* Problem details:
After locating the line with "桂圆、红枣甘温,党参、枸杞甘" below, output it and each following line exactly, stopping after the line with "qq뮤직차트 킥백 새로 올라왔다". No pictures.

* Material shown:
------------------------------------------------------------

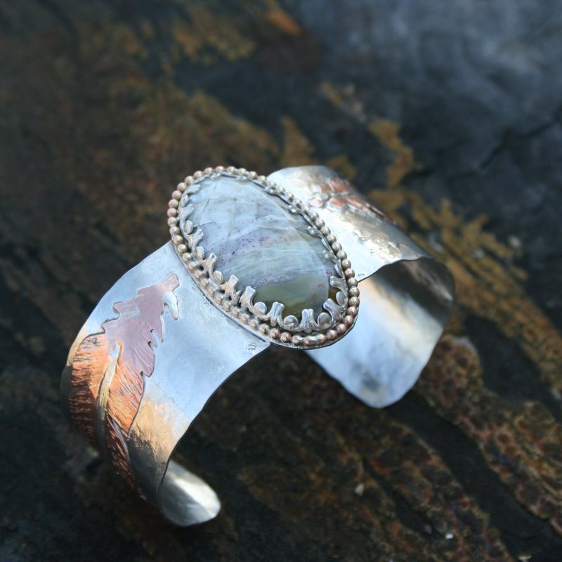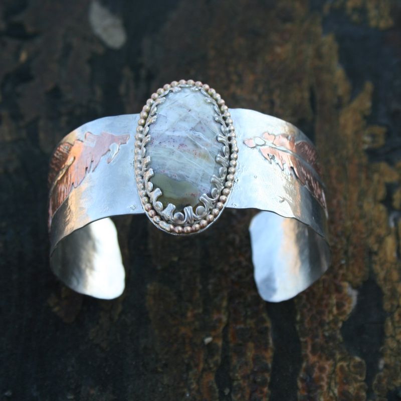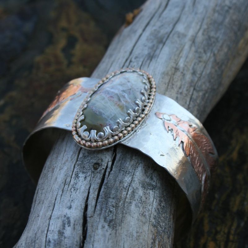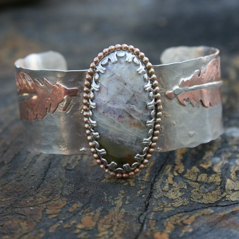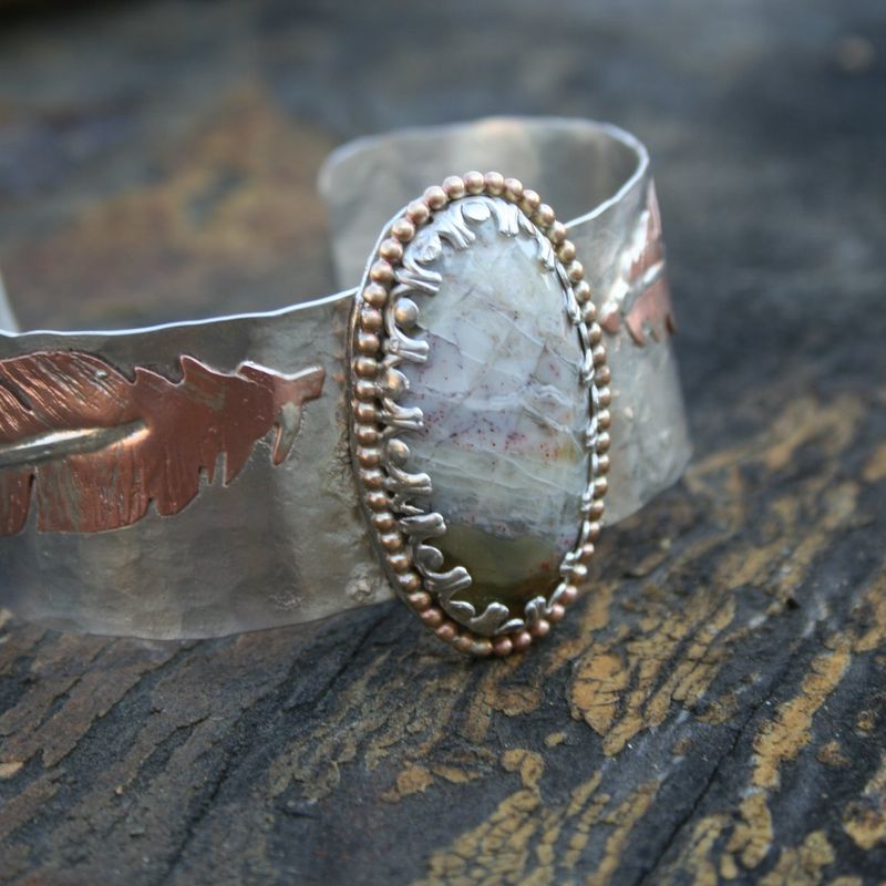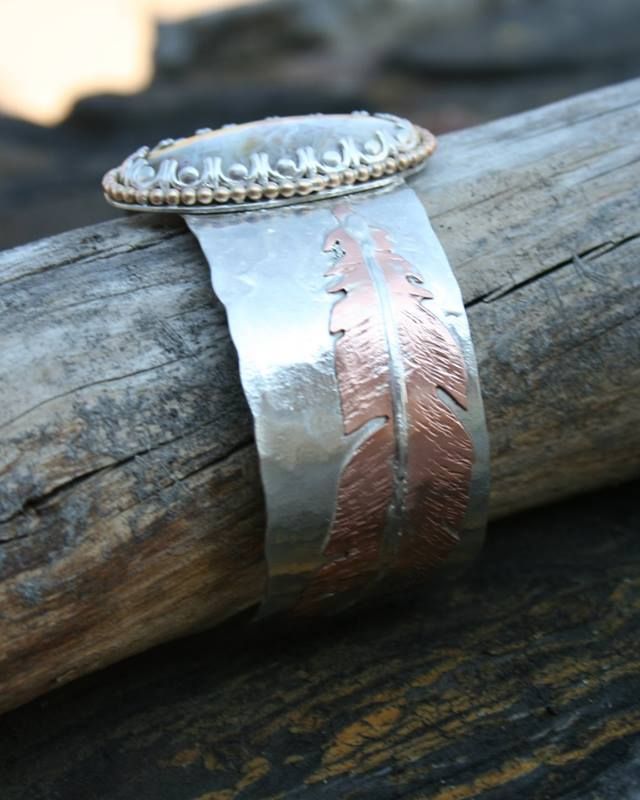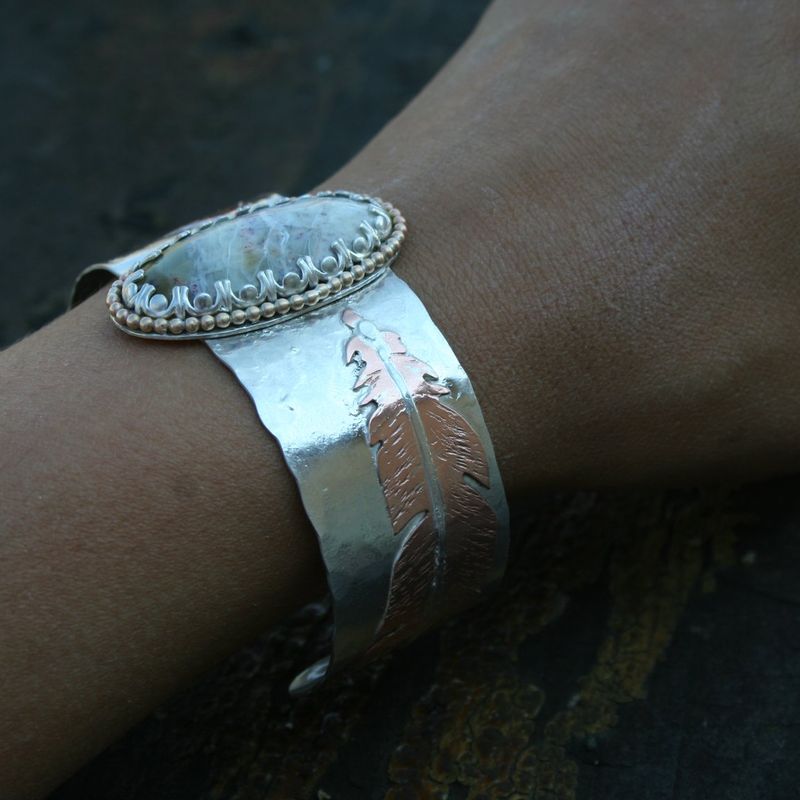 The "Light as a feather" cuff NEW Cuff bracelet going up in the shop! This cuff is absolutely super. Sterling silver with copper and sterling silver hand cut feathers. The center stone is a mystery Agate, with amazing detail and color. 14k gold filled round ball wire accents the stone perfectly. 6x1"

------------------------------------------------------------

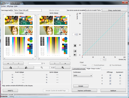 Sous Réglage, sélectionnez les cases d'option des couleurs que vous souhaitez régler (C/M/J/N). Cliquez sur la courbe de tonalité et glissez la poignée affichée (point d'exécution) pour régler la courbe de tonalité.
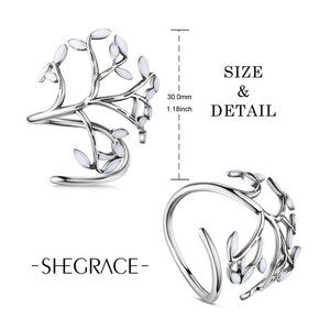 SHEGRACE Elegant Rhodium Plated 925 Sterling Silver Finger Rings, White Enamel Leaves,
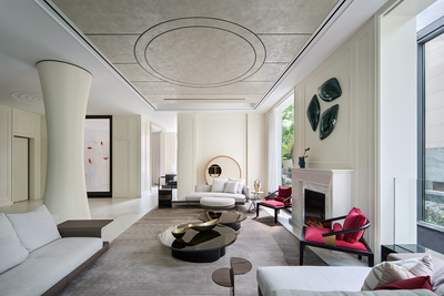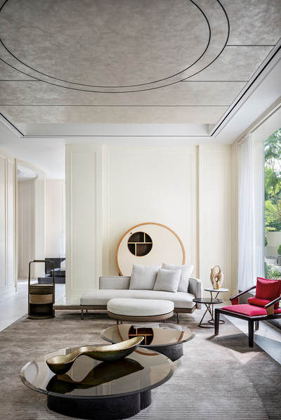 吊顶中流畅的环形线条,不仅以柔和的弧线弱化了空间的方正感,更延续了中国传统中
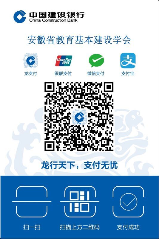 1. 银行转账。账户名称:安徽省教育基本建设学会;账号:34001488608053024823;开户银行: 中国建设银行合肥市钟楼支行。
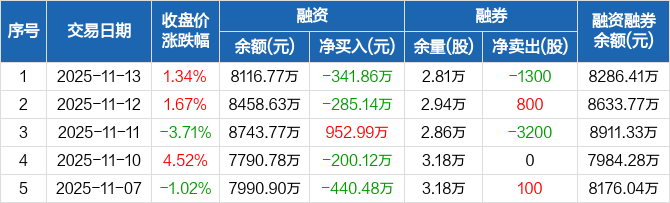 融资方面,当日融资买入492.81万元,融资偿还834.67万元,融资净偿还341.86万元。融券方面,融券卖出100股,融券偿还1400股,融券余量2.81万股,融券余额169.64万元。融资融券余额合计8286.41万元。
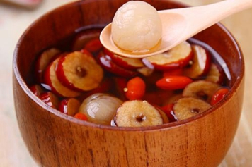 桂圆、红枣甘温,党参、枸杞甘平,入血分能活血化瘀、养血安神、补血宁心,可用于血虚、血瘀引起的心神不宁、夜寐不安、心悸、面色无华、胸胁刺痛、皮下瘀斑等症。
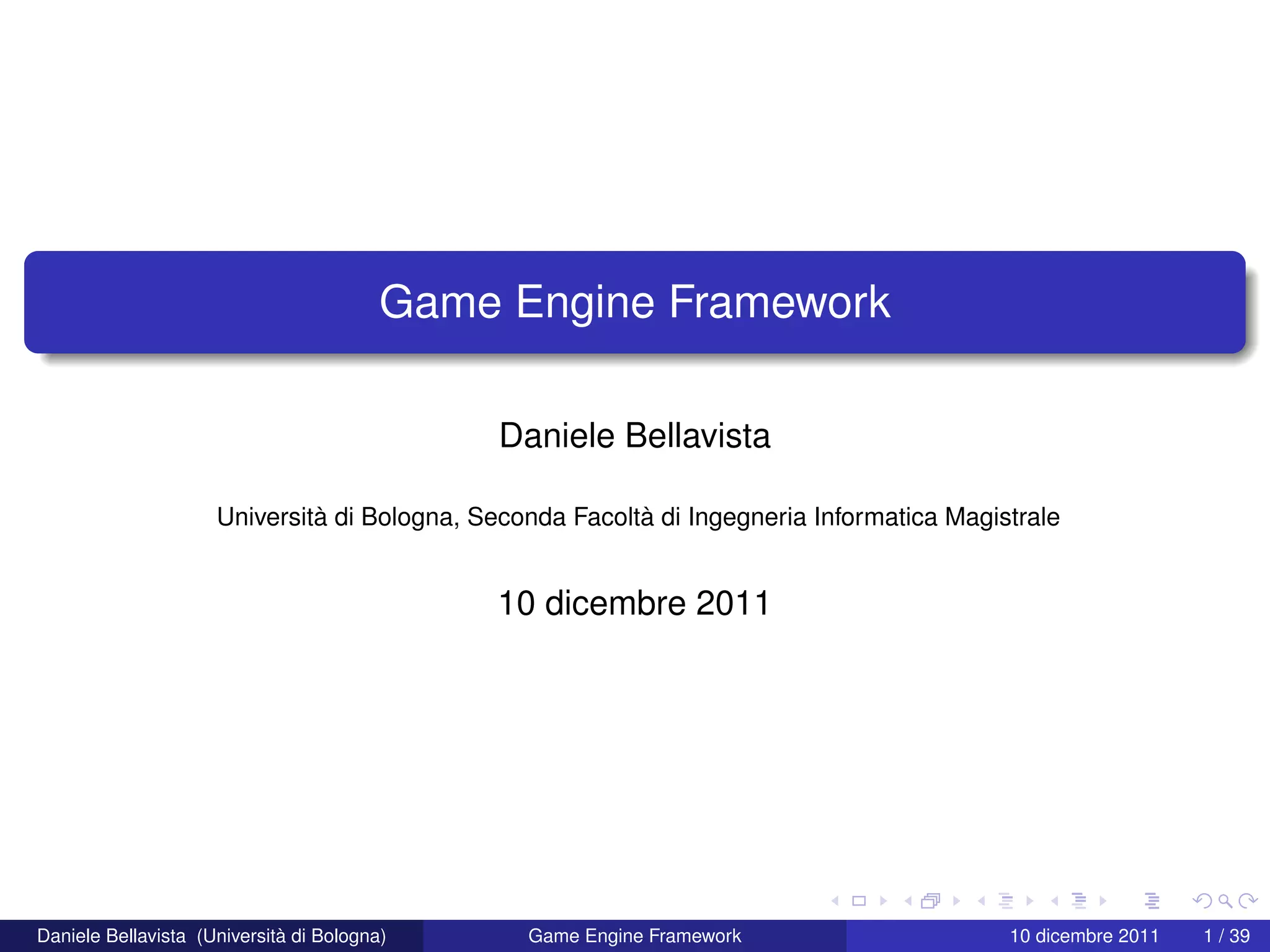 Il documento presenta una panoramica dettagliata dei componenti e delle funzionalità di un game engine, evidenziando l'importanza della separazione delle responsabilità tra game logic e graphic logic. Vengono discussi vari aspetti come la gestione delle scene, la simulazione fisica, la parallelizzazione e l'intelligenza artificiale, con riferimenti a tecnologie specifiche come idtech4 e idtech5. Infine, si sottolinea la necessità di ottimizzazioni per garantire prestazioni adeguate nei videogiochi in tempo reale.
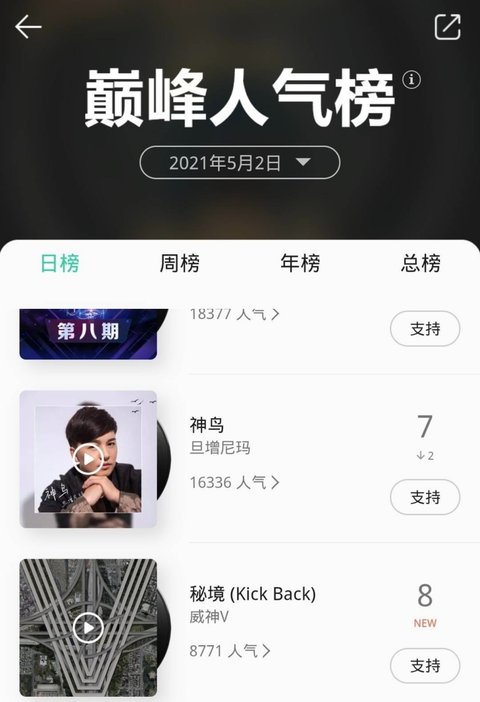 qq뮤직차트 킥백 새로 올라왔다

------------------------------------------------------------

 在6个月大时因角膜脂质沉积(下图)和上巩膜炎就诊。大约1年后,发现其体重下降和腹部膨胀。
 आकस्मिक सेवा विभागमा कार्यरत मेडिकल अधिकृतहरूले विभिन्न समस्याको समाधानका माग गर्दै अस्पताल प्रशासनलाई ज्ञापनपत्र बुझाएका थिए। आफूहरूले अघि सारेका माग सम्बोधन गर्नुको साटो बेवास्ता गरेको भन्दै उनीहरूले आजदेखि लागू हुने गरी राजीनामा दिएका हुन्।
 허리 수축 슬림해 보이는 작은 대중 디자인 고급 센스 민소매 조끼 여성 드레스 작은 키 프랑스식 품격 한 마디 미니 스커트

------------------------------------------------------------

* Your solution:
 桂圆、红枣甘温,党参、枸杞甘平,入血分能活血化瘀、养血安神、补血宁心,可用于血虚、血瘀引起的心神不宁、夜寐不安、心悸、面色无华、胸胁刺痛、皮下瘀斑等症。
 Il documento presenta una panoramica dettagliata dei componenti e delle funzionalità di un game engine, evidenziando l'importanza della separazione delle responsabilità tra game logic e graphic logic. Vengono discussi vari aspetti come la gestione delle scene, la simulazione fisica, la parallelizzazione e l'intelligenza artificiale, con riferimenti a tecnologie specifiche come idtech4 e idtech5. Infine, si sottolinea la necessità di ottimizzazioni per garantire prestazioni adeguate nei videogiochi in tempo reale.
 qq뮤직차트 킥백 새로 올라왔다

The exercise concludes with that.